Ks. Wojciech Grzesiak obawia się, że zapowiedź, jaka znalazła się w jednym z pism, które skierowała do niego Kuria jest formą szantażu.  - Mam pewność wynikającą z doświadczenia, że będą posługiwać się kłamstwem i półprawdą i  udowadniać, że mieli rację, nadto zagrają na najniższych emocjach religijnych mówiąc, iż „to wola Boża”. To ja zatem pytam czy wolą Bożą jest by biskupi katowiccy jeździli limuzynami Skoda Suberb a niektórzy urzędnicy autami z górnej półki czy wolą Bożą jest by papież Franciszek używał starego Volkswagena? Co jest wolą Bożą? Czy wolą Bożą jest by biskup kupował swoje stroje liturgiczne w słynnym rzymskim sklepie za grube tysiące euro czy otworzył jadłodajnię dla ubogich? Co jest wolą Bożą? Bo może ja jej nie rozumiem? Na rozmowę z arcybiskupem czekałem dwa lata i taka odbyła się przed wyjazdem do Paragwaju,  a od 4. 12. 2016, kiedy to było najbardziej konieczne już się ze mną nie spotkał. A później w Tygodniku Katolickim czytam, iż „biskup jest dla księży jak ojciec”. To obraza ojcostwa - tłumaczy.

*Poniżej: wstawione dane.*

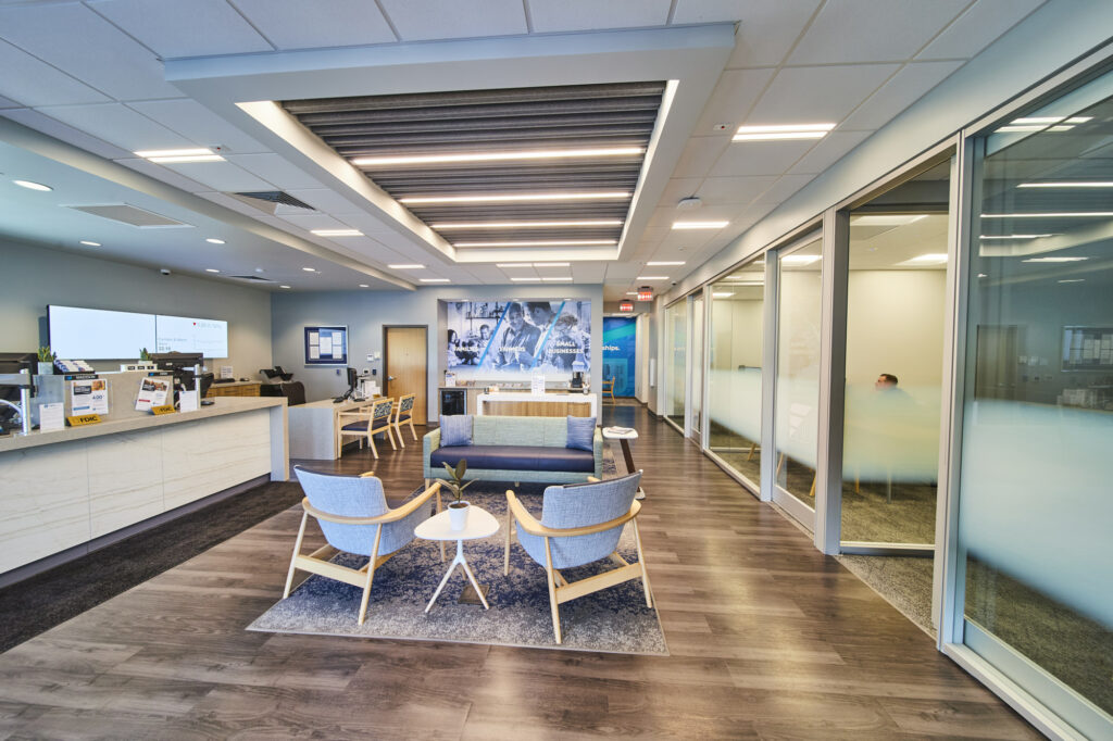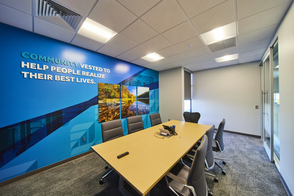 For F&M Bank, NewGround partnered to renovate and build out the interior of four separate locations, one of which was a historical renovation building. Each of these buildings had different styles, sizes, and spaces to work with, meaning that NewGround needed to remain flexible and adaptable throughout the process. To accomplish this, F&M Bank needed brand guidelines for a space that could easily be customized and scaled depending on where they were. By utilizing NewGround’s innovative Discovery Session, the client was able to come up with a brand guideline package that worked regardless of the space. This package included environmental graphics, furniture, graphic walls, branding, furnishes, and finishes. Each space was equipped with a conference room that featured local photography, branding elements, and a community message specific to the location, ensuring that F&M Bank’s core values and care for their local community was consistent throughout. We also worked with local subcontractors in each location, keeping the work tied closely to the community. F&M Bank’s branding is present throughout each space, with rich wooden tones, beautiful blue coloring from the logo incorporated through environmental graphics, signage, and furniture, and lighting that brings the space to life and creates a welcoming atmosphere.
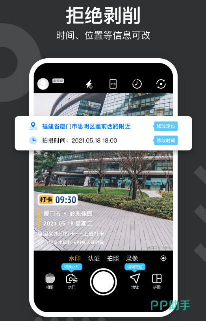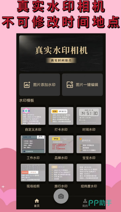 利用该软件除了可在拍照的时候显示时间水印,它也是一款可实时记录时间地点的水印打卡相机,具有强大的水印打卡功能,也有丰富的模板和新奇的玩法,让每一张照片通过带有水印的方式呈现出每一张照片背后的故事,集美颜、滤镜、水印等功能为一体。

Ksiądz nie kryje zgorzknienia wynikającego ze sposobu bycia i życia urzędników Kurii i samego arcybiskupa.

- Drogie samochody, wystawne życie, podróże w pierwszej klasie, rzymskie kolacje. Wszystko za pieniądze wiernych, których kurii zawsze jest za mało. To wszystko jest przedmiotem rozmów w kapłańskich gronach, jednakże nikt nie chce otwarcie o tym mówić, a ma to się nijak do tego, o czym mówi papież Franciszek. Niemniej Kościół ma potencjał i jest przewodnikiem ku dobru… Wierze w to. Są tylko ludzie, którzy nie powinni pełnić funkcji przełożonych.  Żywię nadzieję, że na drodze nawrócenia przełożeni podejmą współpracę z Bożą Opatrznością. Jednocześnie przepraszam tych, którzy uważają, że powinienem być dozgonnie posłuszny i zgadzać się na wszystko. To nie ja - kończy swoją wypowiedź ks. Wojciech Grzesiak.

Rzecznik Metropolity Katowickiego ks. Grzegorz Śmieciński wydał specjalne oświadczenie w tej sprawie: 

-  Pomimo wielu prób wyjścia naprzeciw licznym jego problemom, mającym miejsce od samego początku posługi kapłańskiej, jak również jego stanowi zdrowia, który rzutuje na jego zachowania i – jak sam twierdzi – ogranicza jego poczytalność, ks. Wojciech Grzesiak zdecydowanie wystąpił przeciw podjętym w dniu święceń zobowiązaniom, posługując się przy tym nieprawdą i powodując tym samym zamęt mający na celu odwrócenie uwagi od faktycznych przyczyn podjętych wobec niego decyzji. Te zaś miały i mają na względzie tylko i wyłącznie duszpasterską troskę o chorych przebywających w szpitalu, w którym sprawował posługę kapelana, zobowiązania wynikające z obowiązków stanu duchownego, oraz liczne zarzuty natury pastoralnej i moralnej. Informuje się równocześnie, iż wszelka działalność księdza Wojciecha Grzesiaka, w ramach której środki pieniężne pochodzące z ofiar wiernych przelewane są na jego prywatne konto, nie ma żadnego związku z posługą duszpasterską w Archidiecezji Katowickiej, a odpowiedzialność za nie ponosi tylko i wyłącznie on sam. Osobę księdza Wojciecha Grzesiaka poleca się  modlitwom kapłanów, osób konsekrowanych i wiernych archidiecezji katowickiej - 

Ksiądz Wojciech Grzesiak zareagował na to na swoim profilu FB 

-  Tak łga Kuria. Oto właśnie oni... Ani złotówka nie jest moja... A konto jest Stowarzyszenia - skrupulatnie rozlicznane w ramach rocznych kontroli. Kto tylko ma serce wolne powinien zerwać kontak z oraganizacją, która w taki sposób kłamie i insynuuje. Kuria Katowicka jest kłamcą! - napisał ksiądz.